Born cells we can get like:
need_draw = (new_state ^ data[readpage][y ][x]) & new_state;
And the dead:
need_draw = (new_state ^ data[readpage][y ][x]) & ~new_state;
If need_draw == 0, then you do not need to draw anything; otherwise, we run over 32 bits and draw the necessary changes.
The final code is visible in View Source, I will not clutter it here.
I can also note that happy native application writers may have a lookup table of 512 single-bit values ​​— getting the new state from the 9-bit old environment directly. The lookup table would take 64 bytes, and it would fit into the L1 cache line ... Ah, dreams, dreams ...
results
The final speed suits me completely, even on older computers there is a certain performance margin (the animation code tries to draw no more than 30 frames per second).

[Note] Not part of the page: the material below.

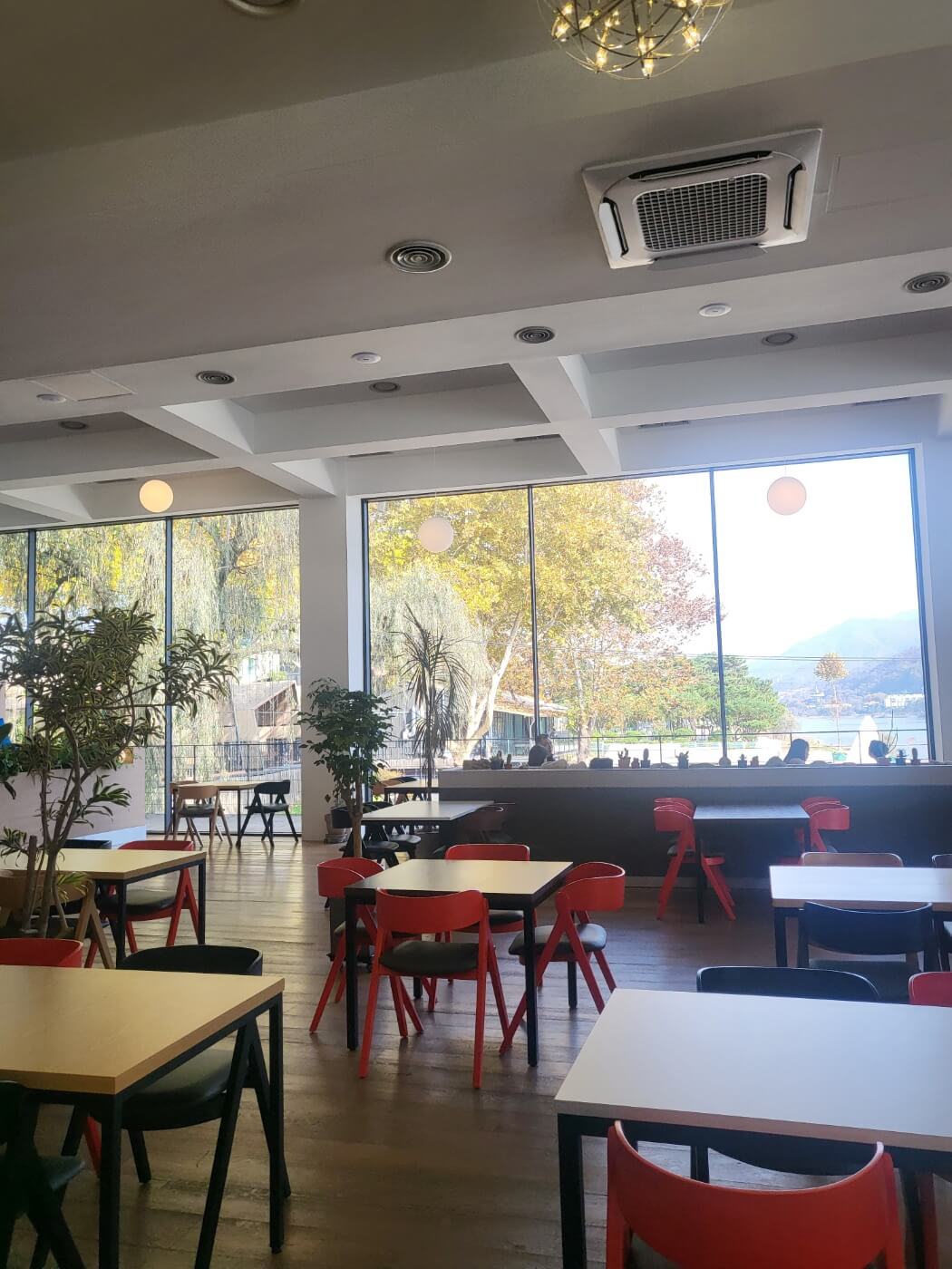 리버나인의 가장 큰 매력 포인트는 전면 통창 너머로 펼쳐지는 북한강 뷰입니다. 강 바로 앞까지 연결된 공간과 탁 트인 숲 풍경, 햇살이 비치는 오후에는 시간마저 천천히 흐르는 기분이 들어요. 말로는 부족한 모습 정말 고즈넉하니 여유롭고 테이블 간격도 넣어 아주 좋습니다. 조용히 이야기 나누며 차와 브런치 하기에 딱 좋고요~

Browser | FPS with drawing | FPS without drawing |
Firefox 12 | 473 | 1545 |
IE 9 | 209 | 451 |
Chrome 19 | 274 | 1210 |
Remarkably, when you disable hardware acceleration in Firefox, the speed with rendering drops by ~ 1.5 times. But in general, I am glad that FireFox pulled up to the performance bar set by Chrome.
You can test yourself here:
with drawing ,
without drawing .
The result in the finished form
can be seen here . By the way, if you see any shoals on my site on the site, feel free to write about it at
3@14.by , I'd rather know about them from you ...
There are ideas for further optimization and about life in general - in the comments!